Michele Falabretti

L’esperienza del Sinodo ha sollevato domande su come tenere viva l’esperienza generativa della fede cristiana. I giovani rappresentano la possibilità di consegnare qualcosa di sé. Per questo il Sinodo (nel suo percorso) è stato promessa di speranza: soprattutto che si possa dare risposta a ciò che talvolta ci mette in ansia, come la fatica di interagire con la cultura contemporanea nella quale i giovani stanno crescendo.
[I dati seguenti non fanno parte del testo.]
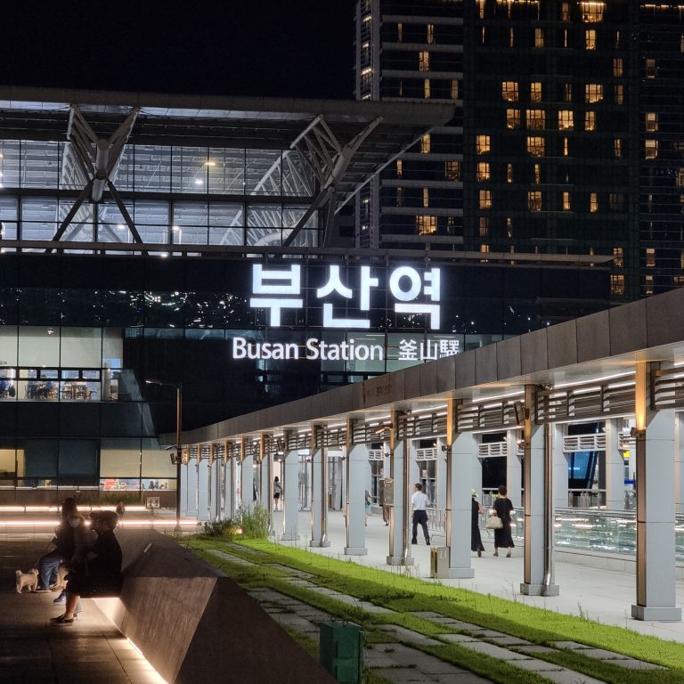 Alternative Text: Night view of the illuminated Busan Station building, showing bright signage in Korean and English, with people walking and sitting outside in a modern plaza; tall apartment buildings rise in the background

Gli snodi culturali di questo tempo (che loro sanno intercettare prima e talvolta meglio degli adulti) suonano estranei a ciò che consideriamo essenziali alla vita di fede; ma se non vogliamo tradire il principio di incarnazione non possiamo né ignorarli, né considerarli in eterno contrasto con le istanze della fede stessa.

Il Sinodo, dunque, ha messo i giovani al centro: la fede (per quanto ferma nei suoi contenuti) non può essere immutabile nelle forme, che saranno necessariamente storiche. In un tempo così frammentato, tentare di ridurla a poche norme significa renderla inefficace oltre che impoverirla. Le domande su come consegnare il Vangelo ai giovani di questo tempo, mostrano il bisogno di considerare questo compito come un’impresa comune.
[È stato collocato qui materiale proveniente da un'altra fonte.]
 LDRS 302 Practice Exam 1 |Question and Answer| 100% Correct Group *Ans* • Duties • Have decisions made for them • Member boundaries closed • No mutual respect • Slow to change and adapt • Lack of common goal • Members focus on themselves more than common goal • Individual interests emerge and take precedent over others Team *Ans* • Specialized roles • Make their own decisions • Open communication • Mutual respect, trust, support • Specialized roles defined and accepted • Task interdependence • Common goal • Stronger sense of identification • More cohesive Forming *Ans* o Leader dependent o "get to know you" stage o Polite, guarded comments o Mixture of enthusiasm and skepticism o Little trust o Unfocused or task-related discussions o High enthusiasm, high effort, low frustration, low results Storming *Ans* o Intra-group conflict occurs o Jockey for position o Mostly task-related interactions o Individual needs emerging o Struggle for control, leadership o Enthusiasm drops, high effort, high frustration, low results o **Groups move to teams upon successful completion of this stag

L’Esortazione apostolica al termine di un Sinodo è la parola del Papa che riprende il dibattito del cammino sinodale, sottolineando ciò che ha colpito il suo cuore di padre e rilanciando alcuni temi che ritiene particolarmente significativi. Le parole del Sinodo arrivano così al termine, mentre si apre il tempo della sua attuazione.

Colpisce, in particolare, che questa volta Papa Francesco abbia deciso di rivolgersi in modo particolare ai giovani cristiani, pur senza escludere il resto del popolo di Dio – cioè gli adulti. Evidentemente li sta trattando come parte della comunità e nello stesso tempo accetta il gioco delle generazioni che è vecchio come il mondo. Da sempre i giovani si collocano quasi naturalmente in antitesi agli adulti. Questo rende arduo il compito degli adulti e permette ai giovani di far emergere le domande più importanti, mentre costruiscono le proprie biografie. Proprio come è accaduto ad ogni adulto di questo mondo, dal quale è lecito aspettarsi una comprensione dei più piccoli, un atteggiamento di ascolto e di cura amorevole.
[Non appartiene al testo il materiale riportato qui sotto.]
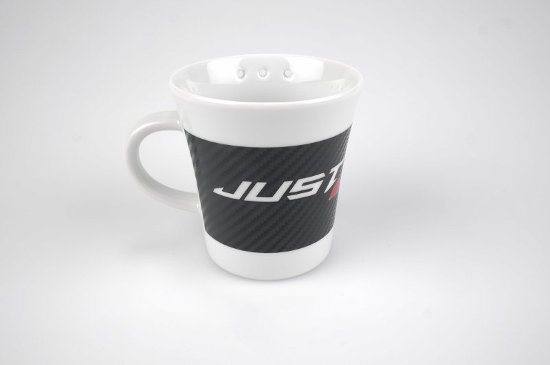 Bemærk de spøgefulde huller i siden! De sikrer, at du kan få koppen for dig selv, da kaffen vil vælte ud over din højrehåndede kollega hvis de forsøger at drikke fra dit venstrehåndede krus.
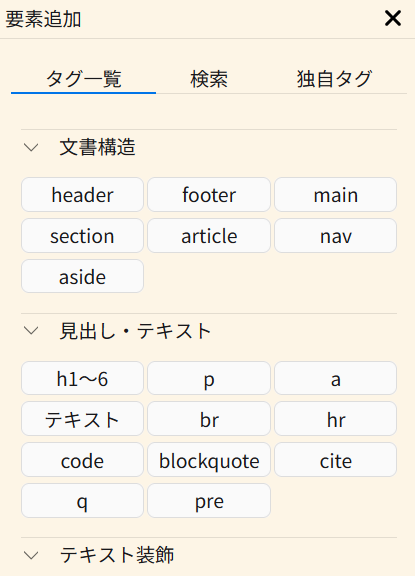 要素追加パネルは、タグ名をキャンバスにドラッグアンドドロップすることで、キャンバスにタグ要素を追加できます。
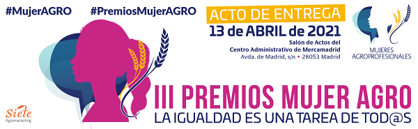 Siete Agromarketing y eComercio Agrario harán entrega de los III Premios Mujer AGRO (#mujerAGRO/www.mujeragro.es) mañana día 13 de abril en Madrid, en un acto híbrido: presencial bajo invitación y con todas las medidas de seguridad; y online con retrasmisión en directo a través del canal de Youtube de Siete Agromarketing, y con una amplia cobertura en los diferentes perfiles en Redes Sociales de Siete Agromarketing, eComercio Agrario y MujerAGRO.

Cristo vive (Christus vivit): la più profonda delle verità cristiane, il cuore del Vangelo, è messo nelle prime due parole che tradizionalmente diventano il titolo della lettera. Alla consegna del documento preparatorio (gennaio 2017) ci fu chi fece la corsa a sottolinearne la scarsità di contenuti (come se istruire un lavoro di condivisione, fosse subito chiudere la serratura con le verità di fede).

Mi pare molto evangelico accettare di compiere un cammino di accompagnamento e attendere il tempo opportuno per l’annuncio. Perché la pazienza e il rispetto della libertà dell’altro è già un annuncio.

Credo sia giusto mettersi in ascolto delle parole che il Papa ci consegna con questa esortazione, per non chiudere troppo frettolosamente il discernimento: quello che dovrebbe fare ciascuno su se stesso, prima di pretendere che lo facciano gli altri.

Più che commentare il Papa, operazione che ritengo presuntuosa, mi pare importante dedicarsi alla lettura del testo. Con il cuore libero: dalle paure rispetto a questo tempo, perché anche oggi il Signore parla (lo disse Isaia al popolo in un contesto non facile – Is 55, 6); libero dalle incertezze rispetto ai giovani, perché anche in essi c’è il sigillo della creazione e anche nel loro cuore c’è il soffio dello Spirito; libero dai pregiudizi che nascondono le fragilità attorno alle quali ci illudiamo di costruire fortezze inattaccabili.